To Paleo or Whole 30

Potatoes are not Paleo. Cheese is not Paleo. Heck, bread, definitely not Paleo. I’ve learned that on the diet I currently have, I could not survive Paleo. And I’ve never been a fan of Paleo anyway. So why this sudden realization?

Well, there’s a few reasons. Number one, my boyfriend started Crossfit last week (and started his own blog). And Paleo and Crossfit go hand in hand. I told him flat out that I will not be cooking Paleo meals for him. I like my food too much, mostly the grains and dairy. He, on the other hand, is slowly considering it.

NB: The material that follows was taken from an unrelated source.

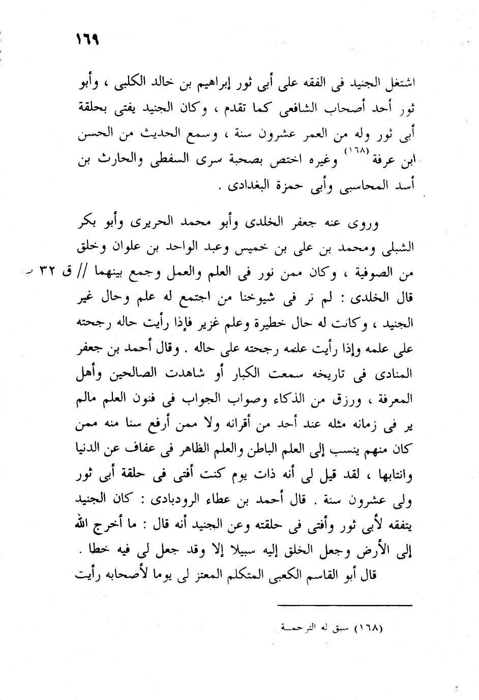 تعالى، اشتغل الجنيد، رحمه الله، في الفقه على أبي ثور إبراهيم بن خالد الكلبي، وأبو ثور: أحد أصحاب الشافعي، كما تقدم، وكان الجنيد يفتي بحلقة أبي ثور، وله من العمر عشرون سنة، وسمع الحديث من الحسن بن عرفة، وغيره، واختص بصحبة سري السقطي، والحارث بن أسد المحاسبي، وأبي حمزة البغدادي.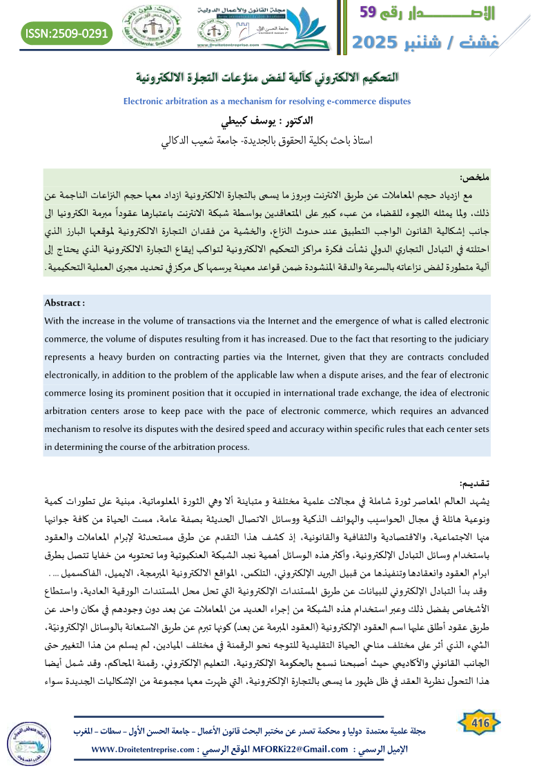 التحكيم الالكتروني كآلية لفض منازعات التجارة الالكترونية الدكتور : يوسف كبيطي

Number two. One of my friends just dropped almost 20 pounds in a month of The Whole 30, which is a diet that is like Paleo on crack. While I admire his ability to give up beans and honey and beer, I do not think I have that much will power. However, I did read that you CAN eat green beans on The Whole 30 diet, while you can’t on Paleo. (I think this diet wins over Paleo right there!)

Anyway, when my boyfriend made the comment that we should try Paleo, I might have laughed. Why? Because of what we were having for dinner (which I like to think was fairly healthy). See the above picture.

While the roasted tomato chicken certainly fits the bill for both, those potatoes do not (as much as I’d want them to.) The olive oil on them, though, is approved. And those green beans only are approved for The Whole 30, the powdered Ranch seasoning on them, not approved by either due to dairy.

So what’s a girl to do? Do I bite the bullet and try Paleo with him? Or do I continue to just force my idea of healthy meals with low-fat meats and veggies (beans included)?